Wednesday, July 18, 2012

The Tottering System

I sense among writers a fear of dissent-- of saying anything which might possibly piss off anyone in today's literary world. It's as if we're all required to get along-- that literature shouldn't be a clash of ideas and movements, but a place "where seldom is heard, a discouraging word, and the clouds are not cloudy all day."

This mindset leads to a stagnant art scene and a stagnant art-- a stale literary art that writers have the obligation to move beyond.

It's obvious to me-- why not to others?-- that with one good kick the entire house of cards that is approved "literature" will implode upon itself. This will happen anyway, with the rise of affordable ebooks, but it makes sense to speed up the process. Those at the forefront of change stand to benefit most from that change.

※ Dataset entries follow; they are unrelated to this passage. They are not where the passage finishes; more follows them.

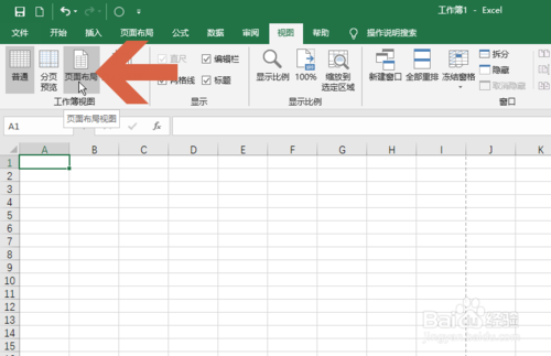 要给Excel2016工作表添加页眉,需打开页面布局视图,可点击Excel下方图示的页面布局按钮打开。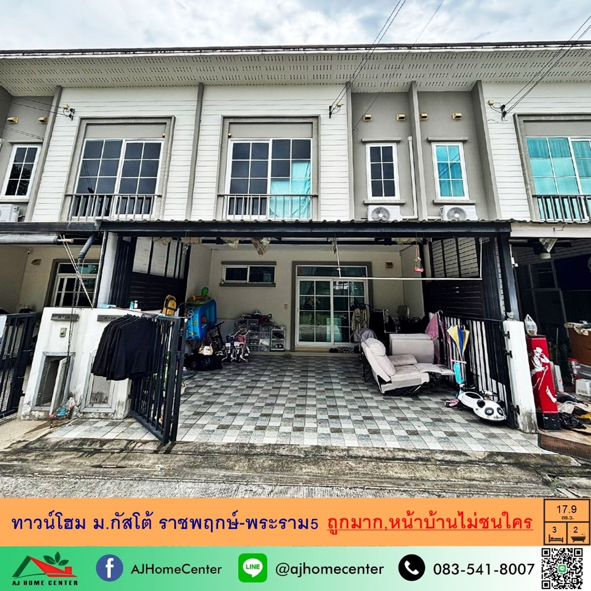 Selling cheap for 2.8 million Townhome 17.9 sq m. Gusto University, Ratchaphruek-Rama 5 In front of the house, dont hit anyone. Free loan arrangement . 2-story townhome, area 17.9 square meters, usable area 106 square meters 3 bedrooms, 2 bathrooms, 1 kitchen, 1 living room, 1 parking space - Free 1 air conditioner, water pump, water tank, wrought iron - Add a roof to the front and back of the house - Add a built-in kitchen - lattice barriers on both sides of the house - Floor covering material: ground floor - granite / upper floor - laminate - Complete facilities within the project - Quality project in the Quality Houses group - The project is near Bang Si Si Intersection and Bang Sri Mueang Intersection. Convenient travel into and out of the city with Nakhon In Road and Ratchaphruek Road - near the Purple Line. Tiwanon Intersection Station and the Purple Line Nonthaburi Intersection Station 1 - Free loan arrangement service by professionals. Facilities > Clubhouse > Fitness > Swimming pool > Public park > Playground > Closed circuit cameras (CCTV) > 24 hour security system .Nearby places > Sirimongkol Market: 500 meters > Bang Sri Mueang Market: 1.4 km. > Tesco Lotus Nakhon In: 1.8 km. > Wat Chaloem Phrakiat Hospital: 3.0 km. > Bang Kruai Hospital: 5.0 km. > The Walk Ratchaphruek: 6 km. > Rama 5 Market: 6.3 km> The Crystal : 6.5 km > Denla School: 6.6 km. > Central Rattanathibet : 9 km. > Major Pinklao: 9.5 km. > Central Westgate : 10.6 km. . If interested, contact Khun To, telephone number Contact number / Contact number / Contact number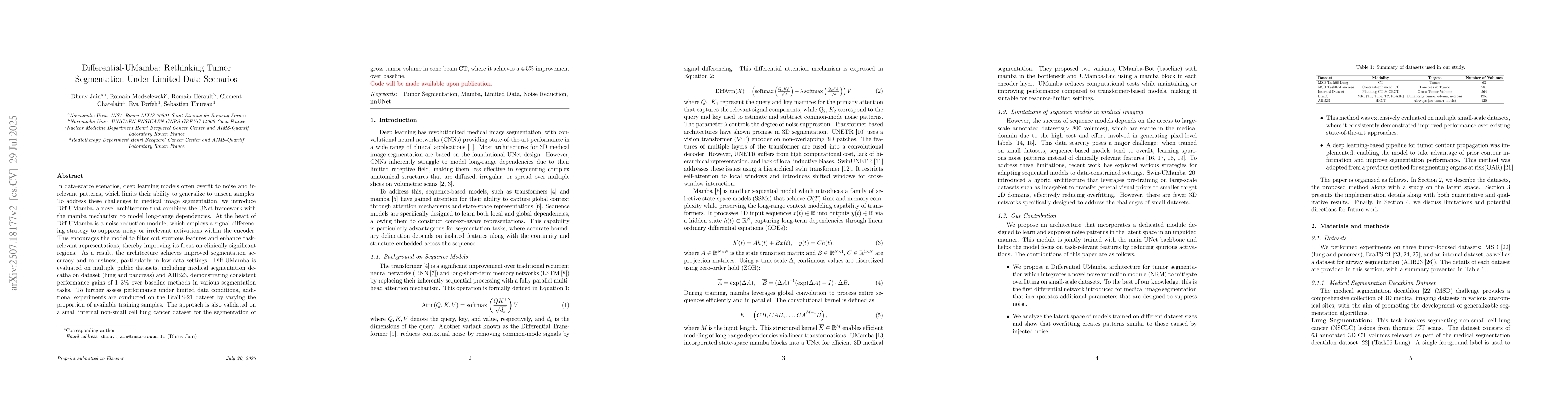In data-scarce scenarios, deep learning models often overfit to noise and irrelevant patterns, which limits their ability to generalize to unseen samples. To address these challenges in medical image segmentation, we introduce Diff-UMamba, a novel architecture that combines the UNet framework with the mamba mechanism for modeling long-range dependencies. At the heart of Diff-UMamba is a Noise Reduction Module (NRM), which employs a signal differencing strategy to suppress noisy or irrelevant activations within the encoder. This encourages the model to filter out spurious features and enhance task-relevant representations, thereby improving its focus on clinically meaningful regions. As a result, the architecture achieves improved segmentation accuracy and robustness, particularly in low-data settings. Diff-UMamba is evaluated on multiple public datasets, including MSD (lung and pancreas) and AIIB23, demonstrating consistent performance gains of 1-3% over baseline methods across diverse segmentation tasks. To further assess performance under limited-data conditions, additional experiments are conducted on the BraTS-21 dataset by varying the proportion of available training samples. The approach is also validated on a small internal non-small cell lung cancer (NSCLC) dataset for gross tumor volume (GTV) segmentation in cone beam CT (CBCT), where it achieves a 4-5% improvement over the baseline.

Can the literary System win the battle of ideas? It can no longer even engage in such a battle. Those tasked with maintaining the System are as intellectually helpless as dumb animals to any criticism of the monolith. They can only stare, or whisper amoing themselves, "What is this about? Why is that person saying those unapproved words?" It marks a system that's as stagnant and decrepit as the Soviet-style systems of Eastern Europe after World War II, manned by bureaucrats merely going through the motions, having forgotten the reasons for the system and therefore having no words or energy with which to defend it-- other than a blind instinct for the preservation of their positions, their turf.